News Feature | July 7, 2014

NIH Names 6 Trial Sites In Undiagnosed Diseases Network (UDN)

By Estel Grace Masangkay

The National Institutes of Health (NIH) announced that it has named 6 medical centers across the U.S. to its Undiagnosed Diseases Network (UDN) in a four year, $43 million initiative to study difficult-to-solve medical cases and their diagnosis.

UDN will build on the NIH program at Bethesda that has assessed hundreds of patients to diagnose rare conditions using genomic approaches. Each of the six clinical sites will contribute medical expertise to the HIN UDN, conducting clinical trials and investigation in patients with prolonged undiagnosed conditions.

James M. Anderson, director of the NIH Division of Program Coordination, Planning, and Strategic Initiatives (DPCPSI), said, “The NIH Undiagnosed Diseases Network has the potential to transform medicine and serve as a catalyst for new discoveries. It is an ideal NIH Common Fund program — the only one focused on diagnoses of rare disorders.”

Undiagnosed diseases are mystery medical conditions that even physicians have difficulty properly diagnosing in spite of extensive clinical evaluation. These conditions may go unrecognized by doctors because they are rarely encountered in medical settings, have gone previously undescribed, or are rare forms of common diseases.

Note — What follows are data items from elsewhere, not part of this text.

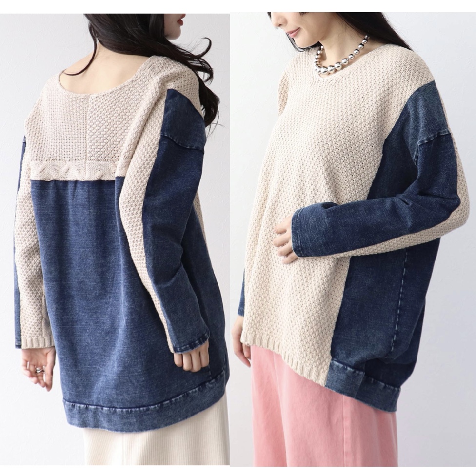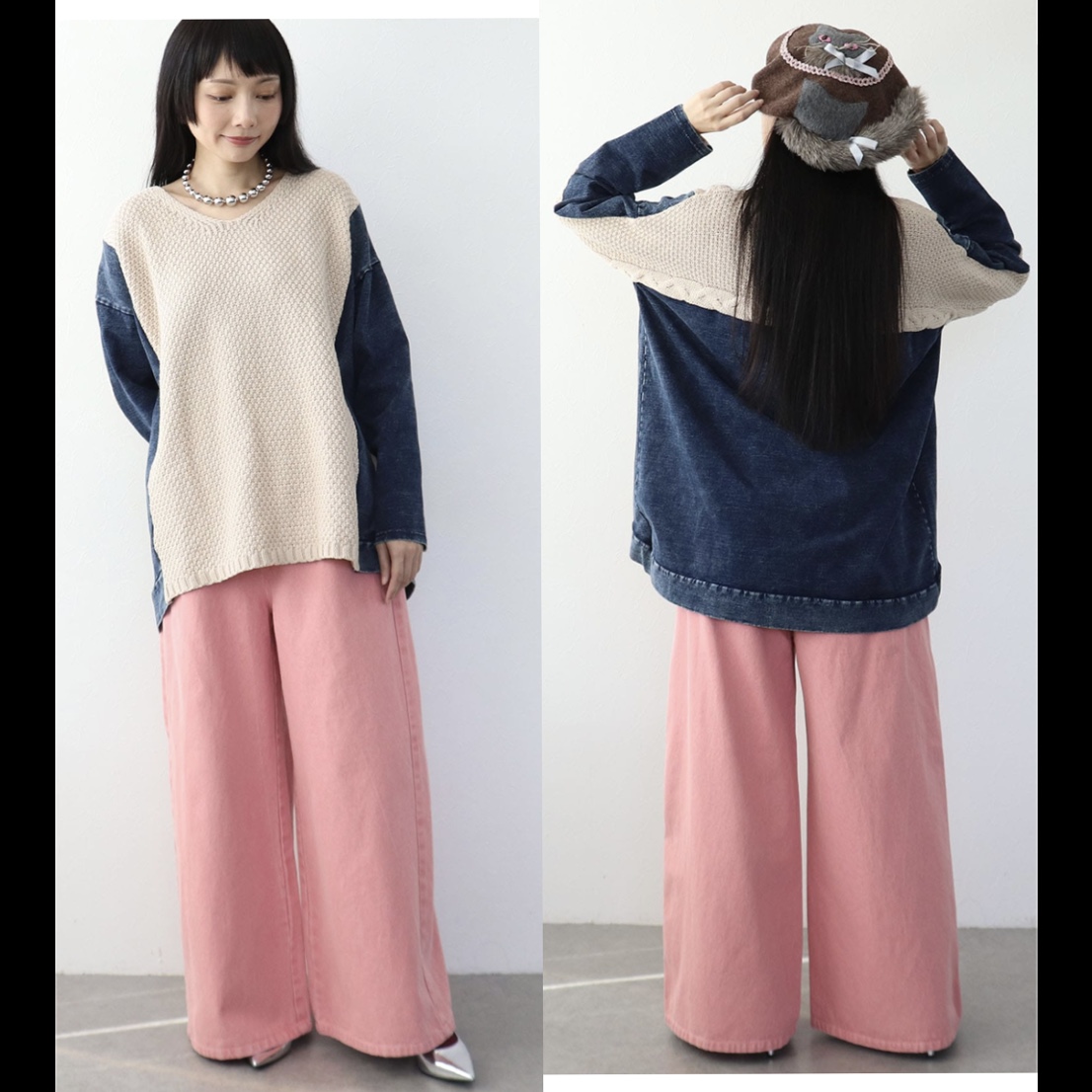 サイドから背中にかけて切り替えられたニット×デニムのデザインに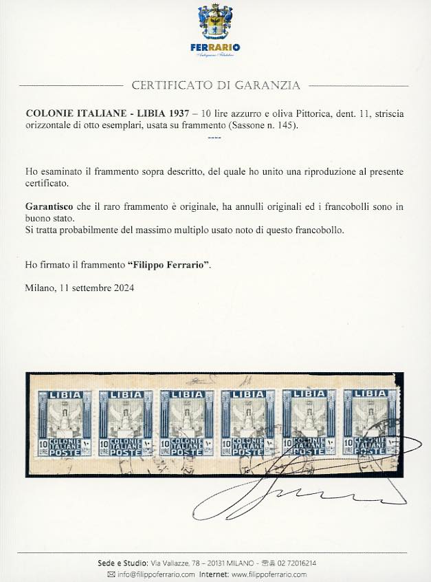 1937 - 10 lire Pittorica, dent. 11 (145), striscia orizzontale di otto esemplari, usata su frammento, buono stato. Estremamente rara, si tratta probabilmente del massimo multiplo usato noto di questo francobollo. Cert. Ferrario.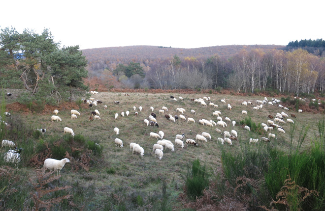 Le bilan des actions menées amène à réfléchir à de nouvelles solutions de pâturage sur les parcs initialement conventionnés avec la commune, mais aussi sur le Puy dans son ensemble. Le choix est pris de s’orienter vers du pâturage ovin avec de forts effectifs sur des temps courts. Le CEN Limousin s’est ainsi lancé dans la recherche d’un important troupeau d’ovin auprès de ses éleveurs partenaires. Ce sont les éleveuses de la Ferme de Lachaud de Gentioux-Pigerolles qui acceptent de réaliser cet essai sur un pâturage automnal. Ainsi 300 ovins pâturent actuellement les parcs pour la plus grande satisfaction du Conservatoire et la joie des randonneurs du sentier des poètes à la recherche des Roches Brunagère. Pour les éleveuses, qui pratiquent une agriculture biologique en faveur de la biodiversité et des paysages, c’est l’amélioration de leur autonomie fourragère qui est visée. En effet, soucieuses de diversifier les sources d’alimentation, elles profitent des ressources naturelles des landes sèches à cette période de l’année (genêts, callune, ronce, etc.) et économisent ainsi les compléments de foin. Ces pratiques et expérimentations s’intègrent dans divers réseaux d’éleveurs et plus particulièrement celui du groupe Herbe de la FRCIVAM Limousin (l’ADAPA).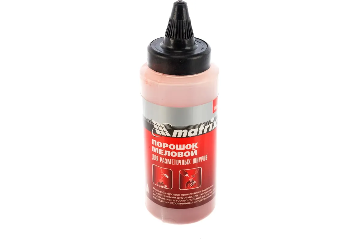Красный меловой порошок для разметочных шнуров 115 г MATRIX 84858 используется в сфере строительных работ для заправки малярных шнуров и возможности легкой и быстрой разметки поверхностей.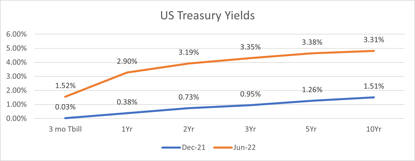 With that, the Treasury curve moved significantly higher to reflect this new expectation. On June 22, 2022, the 2-year yield was at 3.19%, and the 10-year yield was at 3.30%. The 2-year Treasury yield increased 246 basis points since year end and has not been this high since December 2007.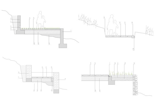 NATURAL-PESADO. Se mantiene la textura existente en la zona, solo una senda operativa trazada con el material del rÃo establece el recorrido. Una actuación tectónica a base de hormigones, consolidación de los muros de las terrazas existentes y el fresado de la piedra.

The six institutions were awarded $7.2 million each in grants by the NIH Common Fund to establish UDN clinical sites. These are:

  • Baylor College of Medicine, Houston; Principal Investigator: Brendan H.L. Lee, M.D., Ph.D.
  • Boston Children's Hospital, Brigham and Women's Hospital, and Massachusetts General Hospital, Boston; Principal Investigator: Joseph Loscalzo, M.D., Ph.D.
  • Duke University, Durham, North Carolina; Principal Investigators: Vandana Shashi, M.D. , and David B. Goldstein, Ph.D.
  • Stanford University, Stanford, California; Principal Investigators: Euan A. Ashley, M.D., D.Phil., Jonathan Bernstein, M.D., Ph.D., and Paul Graham Fisher, M.D.
  • University of California, Los Angeles; Principal Investigators: Eric J. Vilain, M.D., Ph.D., Katrina M. Dipple, M.D., Ph.D., Stanley Nelson, M.D., and Christina Palmer, C.G.C., Ph.D.
  • Vanderbilt University Medical Center, Nashville; Principal Investigators: John A. Phillips, III, M.D., and John H. Newman, M.D.

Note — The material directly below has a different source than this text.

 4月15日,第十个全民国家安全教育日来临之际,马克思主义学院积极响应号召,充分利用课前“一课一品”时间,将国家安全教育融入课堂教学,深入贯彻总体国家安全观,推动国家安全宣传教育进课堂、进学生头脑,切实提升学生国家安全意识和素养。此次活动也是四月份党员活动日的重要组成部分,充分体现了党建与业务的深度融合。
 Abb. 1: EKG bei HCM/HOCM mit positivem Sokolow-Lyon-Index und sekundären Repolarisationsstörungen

Through its inclusion of the six sites, the NIH UDN will facilitate greater collaboration and opportunities among a larger pool of expert lab and clinical investigators. UDN investigators will share patient genomic data with the research community while adhering to standards of patient privacy and health information management.

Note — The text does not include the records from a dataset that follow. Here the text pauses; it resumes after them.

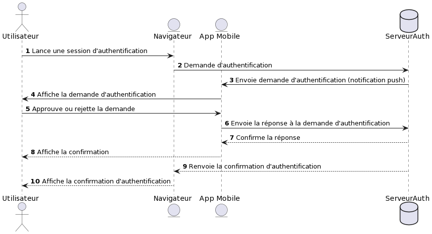 - Confirmation : Si l'utilisateur approuve la demande, un signal est envoyé en retour au service demandant l'authentification pour confirmer que l'utilisateur est bien celui qu'il prétend être.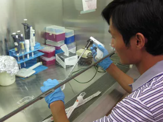 ▲尚庆利教授(左图)与潘怡欧教授(右图)指导学生开展实验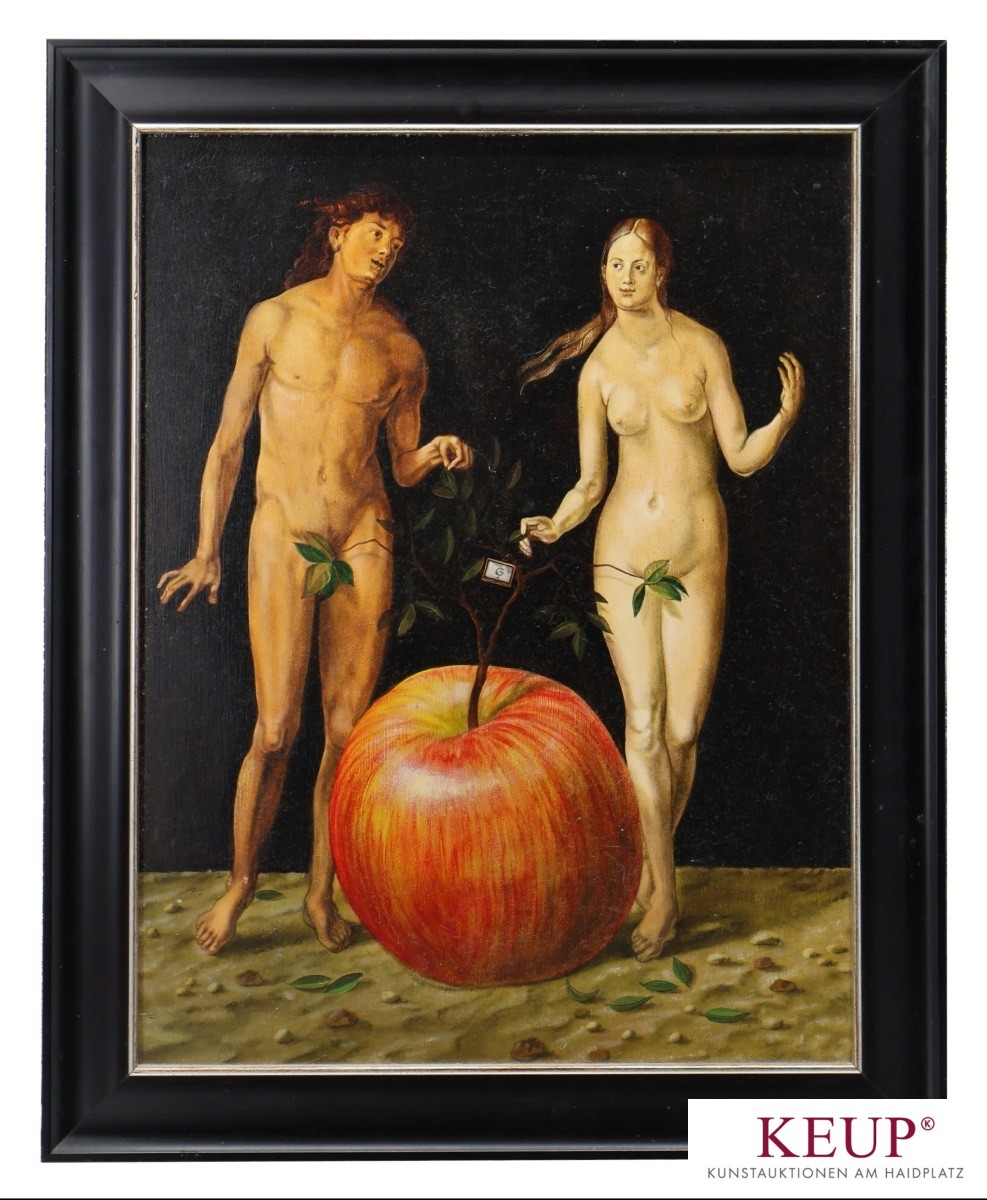 Gemälde - Gerhard Prechtl (1951 - 2024 Regensburg) ''Adam und Eva, in neuer Interpretation zu dem Gemälde von Hans Baldung Grien um 1520'', monogrammiert, Öl auf Hartfaserplatte, Maße Darstellung ca. 56x73 cm, Provenienz: Privatbesitz Regensburg (im Regensburger Kunsthandel erworben - rückseitig beschriftet 1978), vgl. Lit. Eine Stadt im Spiegel der Malerei von W. Amann: Maler, Zeichner und Graphiker; Mitglied: BBK Ndb./Opf., Regensburg; Regensburger Gruppe Kunst; Künstlergilde Esslingen; Münchner Künstlergenossenschaft; Verein für Christliche Kunst - Werke (öffentlich): Bayerische Staatsgemäldesammlungen; Universität Regensburg; Landbauämter; Regensburg; Cham; Amberg; Kinderklinik; Wandgemälde, Bleiglasfenster,

“We believe that there is a substantial unmet demand for the diagnoses of conditions that have perplexed skillful physicians. We want to address inquiries from physicians and patients throughout the country who require these services and, in doing so, create a 21st century model for diagnosis and treatment in this genomic and information-intensive era,” said Isaac Kohane, professor of pediatrics at Harvard Medical School and Boston Children’s Hospital and principal investigator of the Coordinating Center.

The network will launch and start operations in its first year, gradually expanding patient recruitment to reach its goal of 50 patients per year by 2017.